# white sweet clover seed and white clover seed



## rkr (Oct 30, 2008)

I found a source for white blossom sweet clover seed.
Nixa seed and hardware in Nixa, MO
Talk to Larry 1 (417)725-3512
http://www.nixahardware.com/http://www.nixahardware.com/

They had a good price on regular white clover seed as well (better than I have been able to find locally by $1.50 a pound). They also have the inoculate for the seed. The white blossom was $2.46/lb. Cheaper if you by a whole 50lb sack. That's not bad for pure white blossom sweet clover seed.

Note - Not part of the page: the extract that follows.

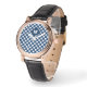 Elegant Blue Navy White Stylish Monogrammed Watch has a nice retro withe dotted pattern of blue with white dots. The watch is elegant and is nice to wear with your initial or as a gift for your friend. Personalise it with your initial.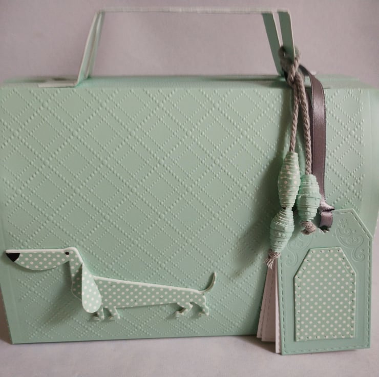 This gift bag box is made with premium quality patterned or embossed cardstock and toning finish cardstock to the sides. It opens at the top. 'Milo' the dog is cut from the brown cardstock and raised on foam to give dimension. Two paper toggles tied with thick matching twine add to the detail and the gift box comes complete with matching tags, tied with co-ordinating ribbon for you to write your message.

The best deal on yellow blossom sweet clover is still Camp 9 in the for sale section. If he still has some.

RKR


----------



## Farmsteader (Mar 12, 2010)

We spoke to either our Conservation or Farm Extention office that had seed bags, i thought they were selling some really reasonable so you might wanna check it, if you can find Organic even better , Best Wishes, AJ and Denise 
NoArkansas


----------



## brooksbeefarm (Apr 13, 2008)

rKr, i get mine from our local MFA feed store here in Fair Grove, Mo. They buy it from the Green Seed Co. (wholesale house) in Springfield Mo. Nixa Hardware probably get theirs there to. Jack


----------